Ms Dunnell: Our whole strategy
for ensuring response? Yes, it is.
Q231 Ms Keeble: No, I mean for actually
delivering the census.
Ms Dunnell: Yes, it is all part
of the very detailed planning. Jil, can you say a little bit more
about that?
Ms Matheson: The census planning
is being done under normal project management arrangements and
there is a critical path and a set of deliverables between now
and 2013, when the results finally ...
Q232 Ms Keeble: With the kind of
traffic lights?
Ms Matheson: Yes, we use the traffic
light system.
Q233 Ms Keeble: Who is in charge
of that? Who formally heads up that particular process?

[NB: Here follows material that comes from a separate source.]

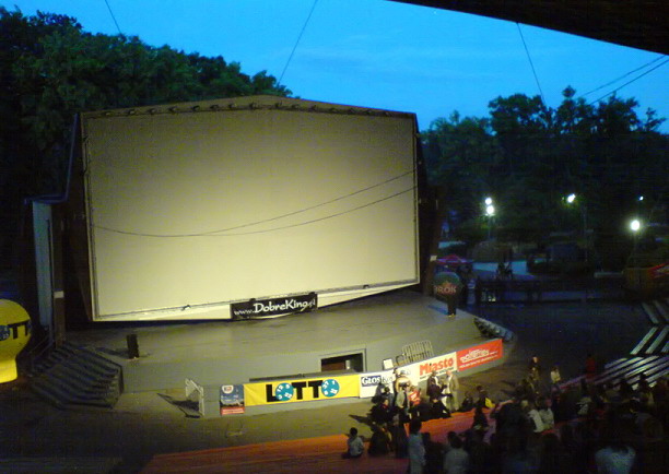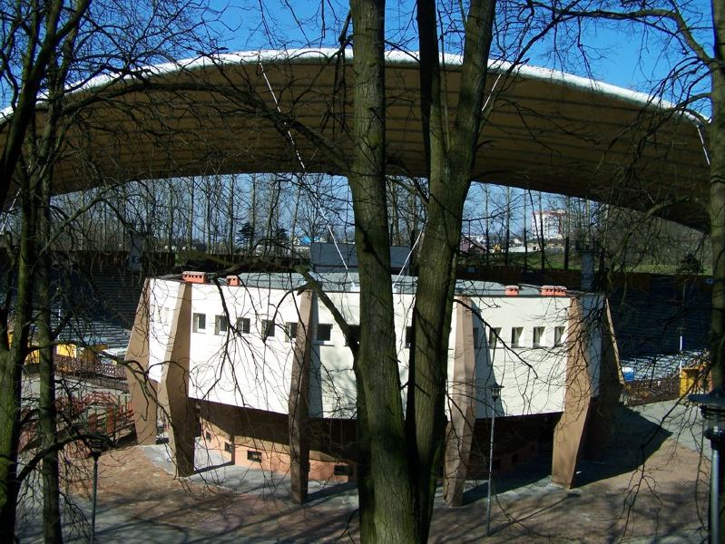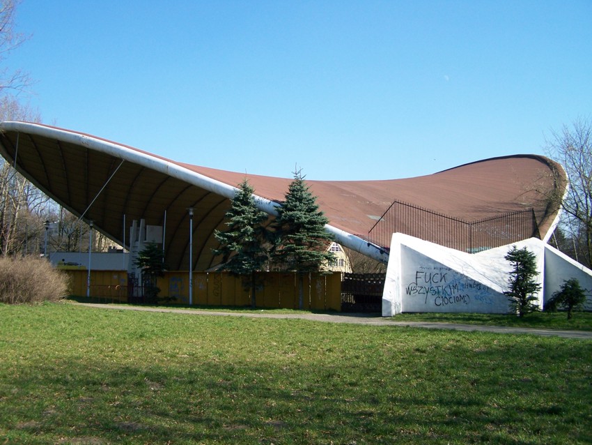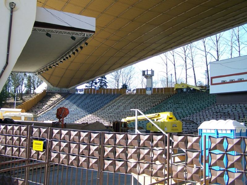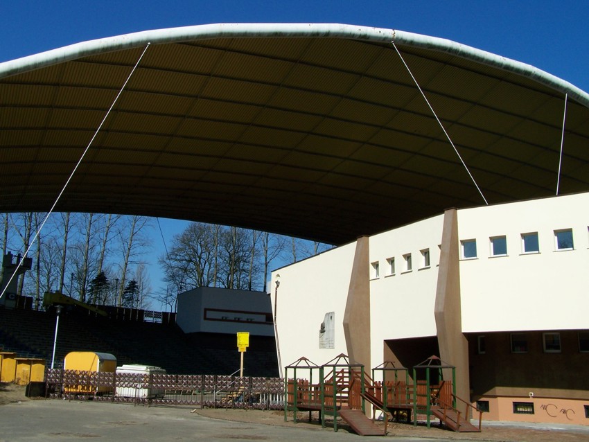 Dach wisi na dwóch wygiętych pałąkach, a część nad sceną jest zarazem obrotowym ekranem.

Ms Matheson: There is a senior
responsible owner, supported by a project director and the normal
techniques of project management.
Q234 Ms Keeble: Has there been a
change in staff there recently?
Ms Matheson: Yes, there has.
Q235 Ms Keeble: The director in charge
of it? When was that?
Ms Matheson: About two weeks ago.
Q236 Ms Keeble: But the new person
presumably is going to carry it through?
Ms Matheson: That is the intention.
Indeed, that is the commitment, that he will be there until the
census is delivered.
Q237 Ms Keeble: Are you satisfied
with that process? You are satisfied you have the personnel, and
the experience and the skills there now to deliver it?
Ms Matheson: Absolutely, yes.
Ms Dunnell: That is one of the
things that we recognized early on in our planning, that we would
need a Director-level post to lead that work and that person is
in place and is now on our Management Board.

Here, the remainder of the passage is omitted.